More builders looking for suite success

As generations cram under 1 roof, separate living areas grow popular

7/20/2013
CHARLOTTE OBSERVER
This view shows the front door of the home, left, and the adjoining door to the suite at right.  The Next Gen suites range from about 450 square feet to about 800 square feet.
This view shows the front door of the home, left, and the adjoining door to the suite at right. The Next Gen suites range from about 450 square feet to about 800 square feet.

CHARLOTTE — From the outside, the new home in Waxhaw, N.C., doesn’t seem all that different from the other houses on the street.

But it has one major feature that the others don’t: Inside this home is another one.

It’s folded into the main house so inconspicuously that a passer-by would probably not do a double-take. From the street, it appears to be just a ground-level room facing the front lawn.

It’s more than a room, though. It’s a suite with the basics found in a normal house: a bedroom, a bathroom, a living-kitchen area, space for a washer and dryer — even its own front door, which is mere feet from that of the main home.

Miami-based Lennar Corp., the builder of the “Next Gen” home, is gearing it toward a very specific market: multigenerational households. Lennar sees dollar signs in the societal trend of aging parents moving in with their children as health-care costs rise and college students choosing to live with Mom and Dad as they struggle to find work in a still-rocky economy.

“Next Gen really is a series of homes designed to cater to the changing family in America today,” said Jon Hardy, president of Lennar’s Charlotte division.

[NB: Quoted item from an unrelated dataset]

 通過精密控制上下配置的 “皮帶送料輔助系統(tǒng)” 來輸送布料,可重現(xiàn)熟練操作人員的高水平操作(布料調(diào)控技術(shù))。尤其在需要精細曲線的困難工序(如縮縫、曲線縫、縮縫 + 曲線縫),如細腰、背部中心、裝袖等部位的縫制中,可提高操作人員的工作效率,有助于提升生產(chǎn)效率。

In Ohio, Columbus-based M/​I Homes is in the design phase for multigenerational homes that the company plans to build, said Tamara Lynch, vice president of sales and marketing for the company’s Charlotte operation. Ms. Lynch, who would not disclose locations, said M/​I will put the spaces for extended families on top of garages, rather than connected to a main home. Construction won’t begin on those homes until next year, she said.

It’s a sign of the times that more families are seeking multigenerational housing, experts say.

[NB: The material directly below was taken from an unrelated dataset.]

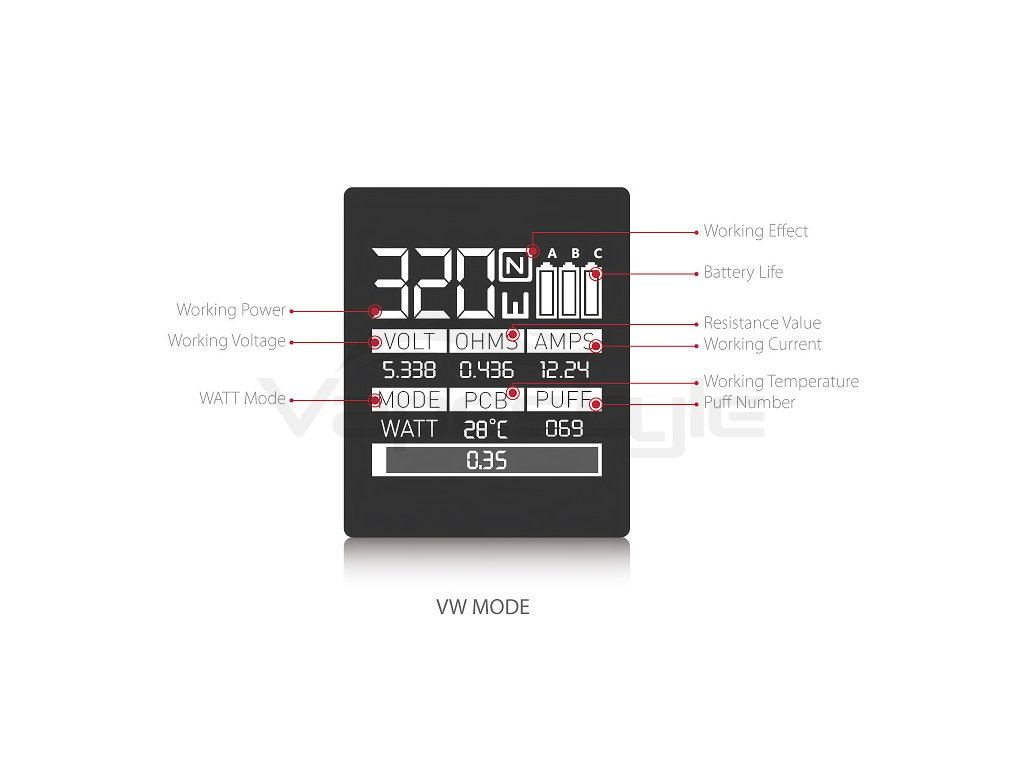 Displej: Zobrazení stavu nabití, odporu atomizeru, aktuální výkon, teplota, napětí, režim, počítání počtu potahů

Ms. Lynch said some cultures in the United States value living with other family members. According to Generations United, a group based in Washington, immigrants are more likely to live in multigenerational homes. M/​I will be designing its homes with those people in mind, not just college graduates, she said.

Generations United also said the Great Recession has accelerated the rise in U.S. multigenerational households, which increased from 46.5 million in 2007 to 51.4 million by the end of 2009.

According to a 2012 report from the Pew Research Center, 3 in 10 parents said an adult child decided to live with them because of the economy. Pew said at the time that the share of Americans living in multigenerational family households was the highest it had been since the 1950s.

Ms. Lynch of M/​I Homes said multigenerational homes have been sprouting up in the West and will make their way to the rest of the country, moving east as housing trends often do.

“We, as builders, are being challenged by the top architects to stretch our thinking in this regard,” she said. “The issue is we’re not creating those extra spaces.”

Lennar introduced Next Gen homes in Nevada, Arizona, and California starting last year, said Mr. Hardy, the Charlotte division president. Next Gen homes are in 25 U.S. markets, he said, adding that the company recently sold its 1,000th.

The Next Gen suites range from about 450 square feet to about 800 square feet.

The Waxhaw home, which has three bedrooms in the main home, is priced at $327,000, or about $100 a square foot. The house has a three-car garage.

Even as home builders design homes big enough for lots of family members to share spaces, they are also trying to find ways to give family members privacy. In Lennar’s home in Waxhaw, the second floor of the main house features a loft “so that if you need to get away,” you can, Veronica Perez, director of sales, said.